Records from a data source:
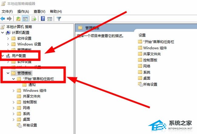 2. 进入到新的窗口界面后,依次点击左侧栏中的“用户配置——管理模板——开始菜单和任务栏”选项。
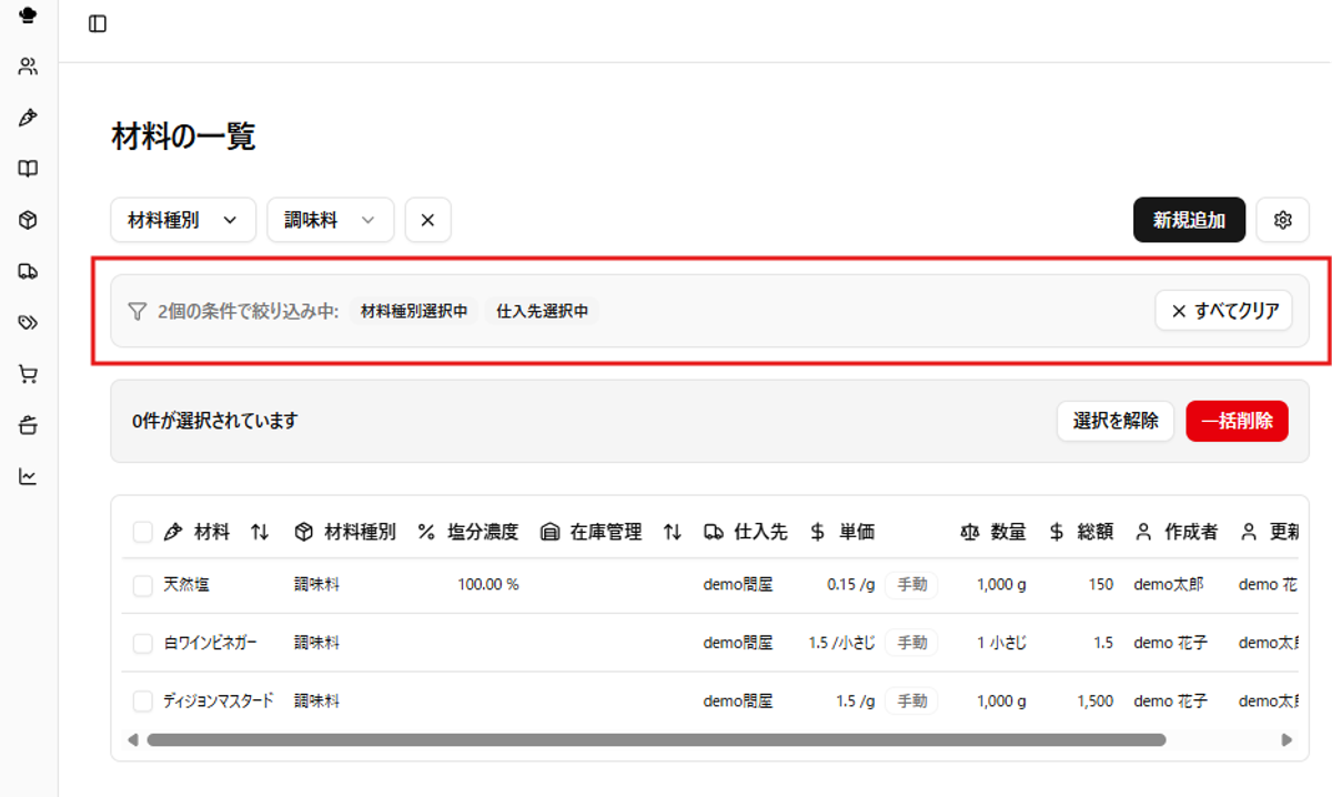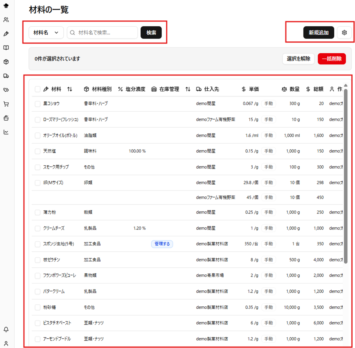 - 左上:検索メニュー(材料名検索ボックス・種別フィルター・仕入先フィルター)
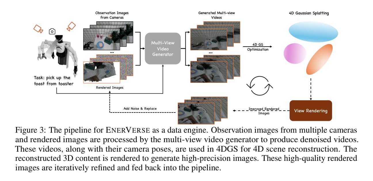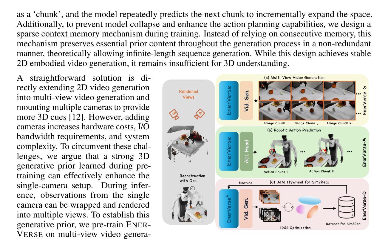 我们介绍了EnerVerse,这是一个构建和解释实体空间的生成式机器人基础模型。EnerVerse采用分块自回归视频扩散框架,根据指令预测未来的实体空间,并通过稀疏上下文记忆进行长期推理来增强预测。为了构建三维机器人世界模型,我们采用多视角视频表示,提供丰富的视角来解决运动模糊和三维定位等挑战。此外,EnerVerse-D是一个数据引擎管道,将生成建模与4D高斯涂抹相结合,形成一个自我加强的数据循环,以缩小仿真与现实的差距。利用这些创新技术,EnerVerse通过策略头(EnerVerse-A)将4D世界表示转化为物理动作,在模拟和真实世界任务中都实现了最先进的性能。为了提高效率,EnerVerse-A重用了第一次去噪步骤的特征,并预测动作块,在单个RTX 4090上实现每8步动作块约280毫秒的响应时间。更多视频演示、数据集样本可在我们的项目页面找到。
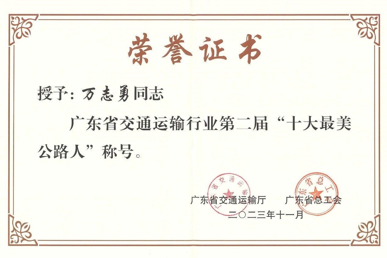 為大力弘揚新時代交通精神,展示中國式現(xiàn)代化開路先鋒的良好風采,發(fā)掘宣傳公路交通行業(yè)“最美”典型,加快建設交通強國先行示范省,近期廣東省交通運輸廳、省總工會聯(lián)合組織開展了第二屆“最美公路人”推選宣傳活動,公司副總工程師萬志勇喜獲廣東省交通運輸廳授予“廣東交通運輸系統(tǒng)第二屆‘十大最美公路人’”榮譽稱號。
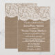 Samlingen av snöre och brännlappar är en fantastisk utformning som har en vacker, rustik, överlappande bakgrund med en romantisk vintage vit snöre-effektstrim. Dessa inbjudningar kan vara en personlig för ert särskilda tillfälle och skulle göra perfekten till ett tillkännagivande för varje rustiskt bröllop, möhippa, förlovningsfest, födelsedagsfest och mycket, mycket mer. *Observera att Zazzle endast säljer utskrivna inbjudningar så dessa inbjudningar har ingen riktig överlappning eller snöre-material.
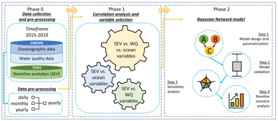 Specifically, after the preliminary data collection and pre-processing (Phase 0), the correlation analysis and variable selection (Phase 1) were carried out to reduce the complexity of the BN model by identifying high-correlated variables in three different settings: (i) correlation among selected variables; (ii) sub-matrix including SEV against its physical oceanographic drivers; (iii) sub-matrix including the SEV and water quality variables. Then, the development of the BN model (Phase 2) followed different steps, including (i) model design and parameterization; (ii) model validation; (iii) sensitivity analysis; and (iv) the baseline scenario analysis.
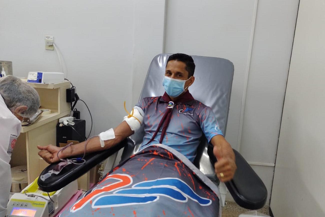 No Hemocentro Regional de Marabá, o doador Marcos Chaves repetiu o ato solidário junto com o seu grupo de amigos da Corrente do Bem de Itupiranga.
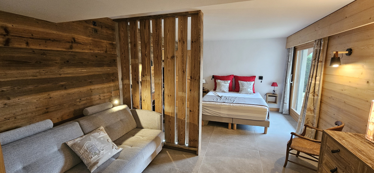 Au niveau inférieur : Une chambre en suite avec un lit double équipé d'un matelas neuf haut de gamme (160 x 200), son coin salon avec canapé lit (160) très confort, rangements, bureau avec écran plat, TV orange et les chaines Canal +, salle de douche / WC ainsi qu'un accès direct au jardin avec terrasse sur Mont Blanc.
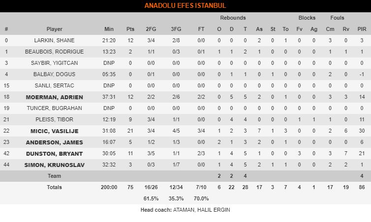 Triples: a pesar de acabar con un 12/34, los turcos tuvieron dos rachas donde estuvieron muy acertados, el primer cuarto y el principio del último. En estos dos tramos lograron generar brechas que le permitieron disfrutar de una ventaja que luego supieron mantener. Micic, una vez más, fue el más destacado desde la larga distancia con un 4/5.
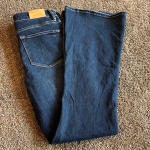 Stylish dark blue jeans with a flattering flare. Perfect for any occasion.
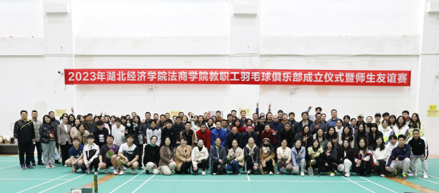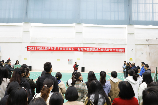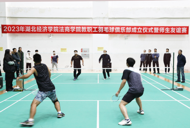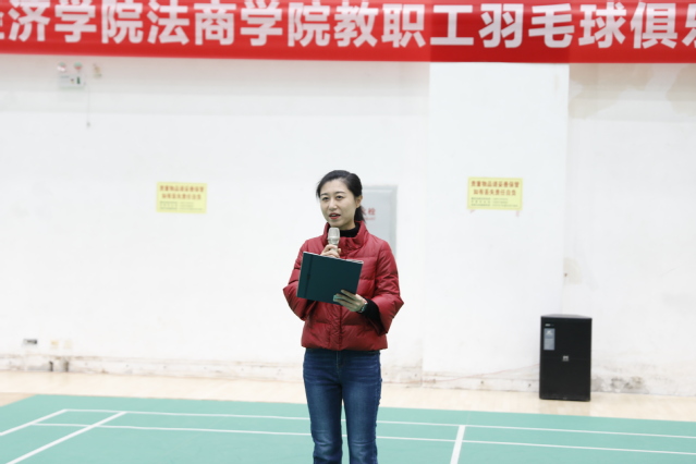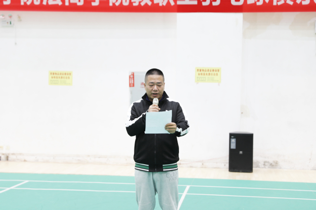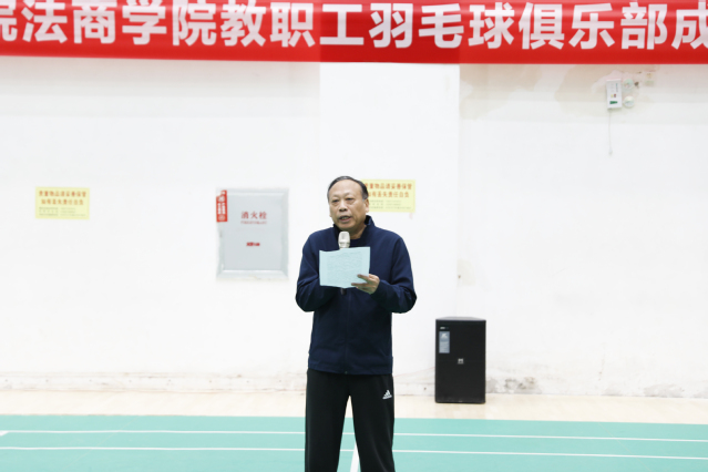 党委书记邓志华致辞,他代表学院向羽毛球师生联谊赛的开幕表示热烈祝贺。他表示,羽毛球项目是学院教职工的一张响亮名片,在第十九届体育运动会暨第四届“教工杯”羽毛球团体比赛中,学院教职工团队一举夺魁,获得冠军。卓越成就的背后是学院师生良好的体育素养,也是“法商精神”的最好体现。他希望,更多的“法商人”参与到体育运动中来,共享运动的快乐,为学院发展贡献力量。最后,他宣布教职工羽毛球俱乐部正式成立。

» WHAT THE TASK REQUIRES
Word for word, repeat each record above; leave out every picture.

» FINISHED TASK
 2. 进入到新的窗口界面后,依次点击左侧栏中的“用户配置——管理模板——开始菜单和任务栏”选项。
 - 左上:検索メニュー(材料名検索ボックス・種別フィルター・仕入先フィルター)
 我们介绍了EnerVerse,这是一个构建和解释实体空间的生成式机器人基础模型。EnerVerse采用分块自回归视频扩散框架,根据指令预测未来的实体空间,并通过稀疏上下文记忆进行长期推理来增强预测。为了构建三维机器人世界模型,我们采用多视角视频表示,提供丰富的视角来解决运动模糊和三维定位等挑战。此外,EnerVerse-D是一个数据引擎管道,将生成建模与4D高斯涂抹相结合,形成一个自我加强的数据循环,以缩小仿真与现实的差距。利用这些创新技术,EnerVerse通过策略头(EnerVerse-A)将4D世界表示转化为物理动作,在模拟和真实世界任务中都实现了最先进的性能。为了提高效率,EnerVerse-A重用了第一次去噪步骤的特征,并预测动作块,在单个RTX 4090上实现每8步动作块约280毫秒的响应时间。更多视频演示、数据集样本可在我们的项目页面找到。
 為大力弘揚新時代交通精神,展示中國式現(xiàn)代化開路先鋒的良好風采,發(fā)掘宣傳公路交通行業(yè)“最美”典型,加快建設交通強國先行示范省,近期廣東省交通運輸廳、省總工會聯(lián)合組織開展了第二屆“最美公路人”推選宣傳活動,公司副總工程師萬志勇喜獲廣東省交通運輸廳授予“廣東交通運輸系統(tǒng)第二屆‘十大最美公路人’”榮譽稱號。
 Samlingen av snöre och brännlappar är en fantastisk utformning som har en vacker, rustik, överlappande bakgrund med en romantisk vintage vit snöre-effektstrim. Dessa inbjudningar kan vara en personlig för ert särskilda tillfälle och skulle göra perfekten till ett tillkännagivande för varje rustiskt bröllop, möhippa, förlovningsfest, födelsedagsfest och mycket, mycket mer. *Observera att Zazzle endast säljer utskrivna inbjudningar så dessa inbjudningar har ingen riktig överlappning eller snöre-material.
 Specifically, after the preliminary data collection and pre-processing (Phase 0), the correlation analysis and variable selection (Phase 1) were carried out to reduce the complexity of the BN model by identifying high-correlated variables in three different settings: (i) correlation among selected variables; (ii) sub-matrix including SEV against its physical oceanographic drivers; (iii) sub-matrix including the SEV and water quality variables. Then, the development of the BN model (Phase 2) followed different steps, including (i) model design and parameterization; (ii) model validation; (iii) sensitivity analysis; and (iv) the baseline scenario analysis.
 No Hemocentro Regional de Marabá, o doador Marcos Chaves repetiu o ato solidário junto com o seu grupo de amigos da Corrente do Bem de Itupiranga.
 Au niveau inférieur : Une chambre en suite avec un lit double équipé d'un matelas neuf haut de gamme (160 x 200), son coin salon avec canapé lit (160) très confort, rangements, bureau avec écran plat, TV orange et les chaines Canal +, salle de douche / WC ainsi qu'un accès direct au jardin avec terrasse sur Mont Blanc.
 Triples: a pesar de acabar con un 12/34, los turcos tuvieron dos rachas donde estuvieron muy acertados, el primer cuarto y el principio del último. En estos dos tramos lograron generar brechas que le permitieron disfrutar de una ventaja que luego supieron mantener. Micic, una vez más, fue el más destacado desde la larga distancia con un 4/5.
 Stylish dark blue jeans with a flattering flare. Perfect for any occasion.
 党委书记邓志华致辞,他代表学院向羽毛球师生联谊赛的开幕表示热烈祝贺。他表示,羽毛球项目是学院教职工的一张响亮名片,在第十九届体育运动会暨第四届“教工杯”羽毛球团体比赛中,学院教职工团队一举夺魁,获得冠军。卓越成就的背后是学院师生良好的体育素养,也是“法商精神”的最好体现。他希望,更多的“法商人”参与到体育运动中来,共享运动的快乐,为学院发展贡献力量。最后,他宣布教职工羽毛球俱乐部正式成立。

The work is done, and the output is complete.